• _AIM OF THE EXERCISE_
In the listing below, locate the lines that hold "parlagi" and copy them.

• _DATA SEGMENT_
- - -

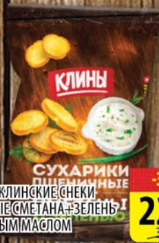
СУХАРИКИ КЛИНСКИЕ СНЕКИ ПШЕНИЧНЫЕ СМЕТАНА+ЗЕЛЕНЬ СОЛИВКОВЫМ МАСЛОМ 50г
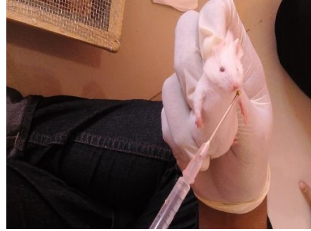
Gambar 2 Pada saat pemberian dekstroksa
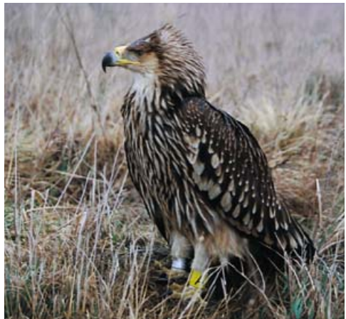
Fiatal parlagi sas

A falutól keletre, a Tápió két partján elhelyezkedő szikes legelő, mely a megyehatáron túlnyúlva egészen Újszász határáig húzódik. Védett növényei közé tartozik a halványlila szirmú fátyolos nőszirm (Iris spuria) és a bennszülött, csak a Kárpát-medencében előforduló kisfészkes aszat (Cirsium brachycephalum) . Tavasszal a gyep nagy részét sekély tocsogók borítják, ahol ritka madárfajok sokasága fészkel. Ezek közé tartozik a fokozottan védett piroslábú cankó (Tringa totanus) , és a terepszíneben rejtőzködő sárszalonka (Gallinago gallinago) . Az egykori tanyahelyek akácsoportjainak koronájában kékvércsék (Falco vespertinus) nevelik fiókáikat. Nyár végétől kóborlásaik során gyakran keresik fel a ragadozó madarak a Gulya-gyepet, köztük olyan ritka fajok is, mint a parlagi sas (Aquila heliaca) , a kígyász-ölyv (Circaetus gallicus) és a pusztai ölyv (Buteo rufinus) . A területet néhány éve megvásárolta a Duna-Ípoly Nemzeti Park Igazgatóság, amely június és szeptember között itt legetteti több, mint 100 állatot számláló szürkemarha-gulyáját.

- - -

• _ANSWER AREA_
Fiatal parlagi sas
A falutól keletre, a Tápió két partján elhelyezkedő szikes legelő, mely a megyehatáron túlnyúlva egészen Újszász határáig húzódik. Védett növényei közé tartozik a halványlila szirmú fátyolos nőszirm (Iris spuria) és a bennszülött, csak a Kárpát-medencében előforduló kisfészkes aszat (Cirsium brachycephalum) . Tavasszal a gyep nagy részét sekély tocsogók borítják, ahol ritka madárfajok sokasága fészkel. Ezek közé tartozik a fokozottan védett piroslábú cankó (Tringa totanus) , és a terepszíneben rejtőzködő sárszalonka (Gallinago gallinago) . Az egykori tanyahelyek akácsoportjainak koronájában kékvércsék (Falco vespertinus) nevelik fiókáikat. Nyár végétől kóborlásaik során gyakran keresik fel a ragadozó madarak a Gulya-gyepet, köztük olyan ritka fajok is, mint a parlagi sas (Aquila heliaca) , a kígyász-ölyv (Circaetus gallicus) és a pusztai ölyv (Buteo rufinus) . A területet néhány éve megvásárolta a Duna-Ípoly Nemzeti Park Igazgatóság, amely június és szeptember között itt legetteti több, mint 100 állatot számláló szürkemarha-gulyáját.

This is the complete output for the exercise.